Cinthya Zepeda Mendoza
I have a broad background in genomic sciences, with specific training in bioinformatics and human genetics. As a graduate student at Cold Spring Harbor Laboratories, I carried out molecular research on the structure of chromatin upon occurrence of copy-number variation. The intricate relationship between genome structure and function prompted me to pursue the study of human genomic disorders. As a postdoctoral fellow at Brigham and Women’s Hospital and Harvard Medical School I laid the groundwork for the development of computational tools to aid in the identification of position effects for balanced chromosome rearrangements. This analysis provided answers for the etiology of disease of various individuals enrolled in the Developmental Genome Anatomy Project, of which I had the pleasure of being part of. I took this experience to the clinic by joining the Laboratory Genetics and Genomics fellowship from Mayo Clinic, where I focused in the analysis of complex chromosome rearrangements associated with congenital diseases, structural variation in hematological malignancies (with a focus on B-ALL), and the study of molecular signatures of adult diffuse gliomas. I am currently a Senior Associate Consultant at Mayo Clinic. At Mayo Clinic, I have continued with my interests in human disease research, their diagnosis, and most importantly, the education of fellows and residents. It is my hope that my academic career and research path helps others find their own!

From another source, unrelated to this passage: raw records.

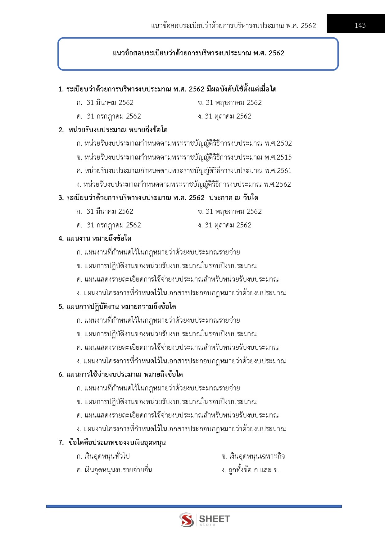 – แนวข้อสอบความรู้เกี่ยวกับระบบบริหารการเงินการคลังภาครัฐด้านงบประมาณ การเงิน บัญชี พัสดุ
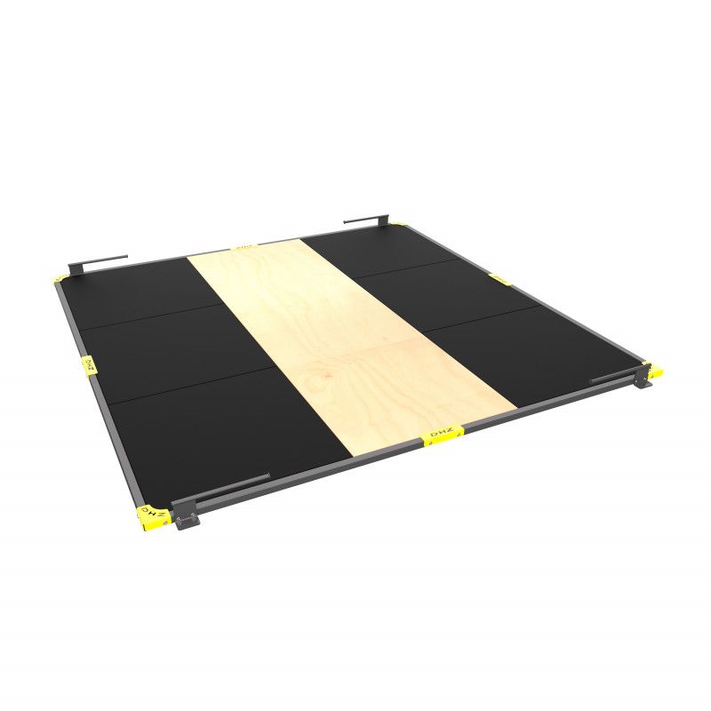 - Центральная часть заполнена фанерным настилом, что обеспечивает надежную устойчивость тяжелоатлета, т.к. отсутствуют на настиле стыки.
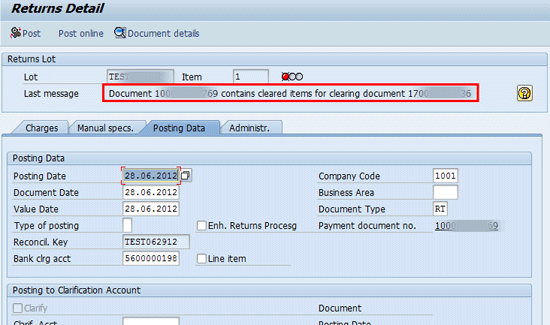 Enhanced return processing includes a few new features. For example, because the cash desk is closed at the end of each day, if any check returns are applied to those payments, the system displays the details for processing through a return lot. Use transaction code FP09 to post a return by giving a return lot name. Figure 2 shows the error while posting the return. In the example in Figure 2 the return could not be processed because the payment document #1***69 contains items for the clearing document #17***6. This error occurs when the return is not allowed to be posted because the payment has been processed through a cash desk.
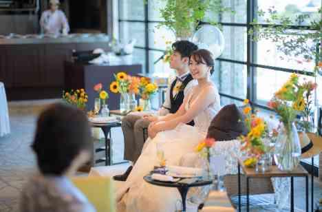 お料理は、地元食材を使ったこだわりのお料理をオープンキッチンよりおもてなし。デザートは、見えた目も華やかで動きのあるデザートブッフェ演出に、ゲストも皆笑顔になりました。また新郎新婦の席はメインテーブルをあえて設けずソファ席に。歓談の時間を多く設け、ゲストに自由にチェキ撮影を行ってもらったりと、新郎新婦とゲストの距離が近く、おもてなしを中心にゆったりと過ごしました。
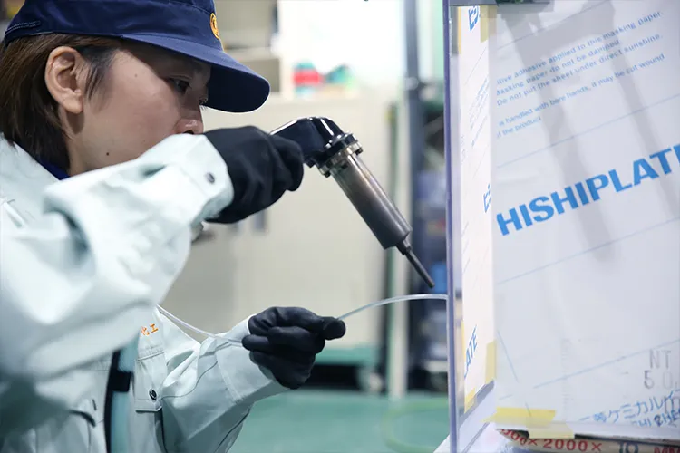 具体的には材料(PPやPVC等)を図面の寸法通りに切り取り、専用の機械(マシニング等)で穴あけなどの加工を行います。
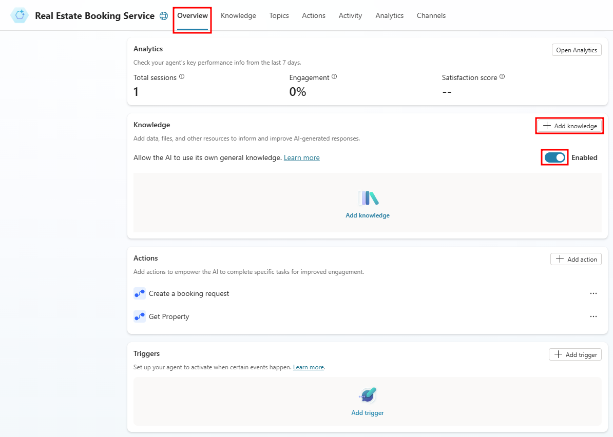 Select + Add knowledge.
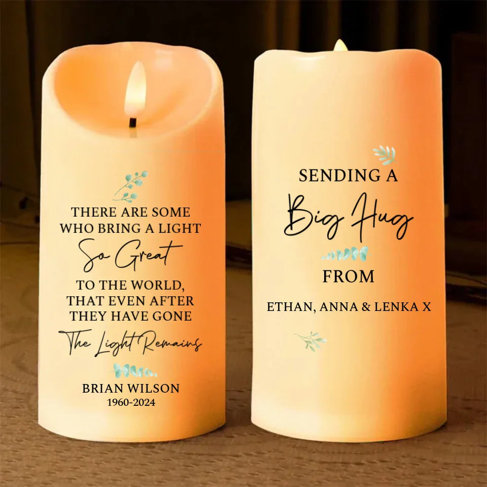 Appreciation Gift for Lost One - Sending a Big Hug - A Memorial Sympathy Gift for Appreciated Ones is a heartfelt way to offer comfort during difficult times. This personalized LED candle serves as a gentle reminder of love and support, providing solace to those grieving. Itβs a meaningful tribute that conveys warmth and remembrance, making it a cherished gift for anyone experiencing loss.
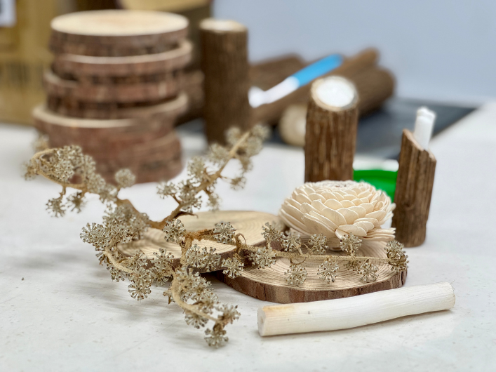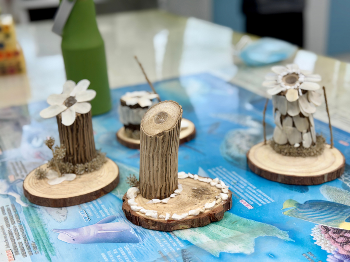 老師收集起來,請孩子利用它的莖變成了筆筒🪵,再加上它的白色小花裝飾🏵️
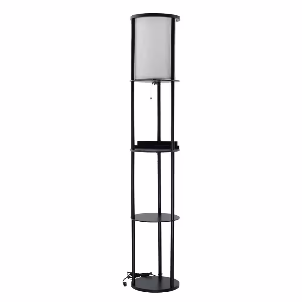 None 62.5 in. Black Shelf Lamp with USB + USBC

Cinthya Zepeda Mendozaa, Anatasia Kellogga, Ashini Boliaa, Brendan O’Fallona, Philippe Szankasia, Luobin Yanga, Paul Rindlera, Eric Fredricksona, Devin Closea, Jay Patela, Xinjie Xub
aARUP Laboratories, Salt Lake City, UT, USA; bMayo Clinic, Rochester, MN, USA
Whole genome sequencing (WGS) has been recently proposed as a replacement for routine karyotype and FISH analyses of myeloid and lymphoid neoplasms. WGS allows for the unbiased and comprehensive detection of multiple types of genomic aberrations, from single nucleotide to structural variants, which could streamline current genomic testing algorithms and clinical laboratory workflows for hematologic malignancies. In this study, we explored the feasibility of whole genome profiling of myeloid and lymphoid neoplasms by sequencing eleven AML, MPN, MDS, B-ALL, and T-ALL genomes with an average depth of sequencing coverage of ~40X, and comparing genome analyses data to their available cytogenetic and molecular panel results. 81% of clinically relevant SNVs were detected by WGS, with false negatives being mostly variants at low frequencies (VAF <10%). Nine new variants were detected by WGS in an AML, B-ALL and T-ALL samples, eight of which were classified as VUS, and one (FLT3 p.Tyr572Cys) in B-ALL as likely pathogenic. 95% of clinically relevant copy-number variants (CNVs) were detected by WGS, with false negatives being mostly small (<150Kb) or mosaic CNVs present in <15% of the sample. The identification of the clinically relevant translocations in these samples (such as ETV6/RUNX1 and CRLF2 rearrangements) using WGS data is currently being investigated. This feasibility study demonstrated the potential of using WGS as the replacement of molecular panels and chromosome microarray in hematologic malignancies, particularly at the time of initial diagnosis.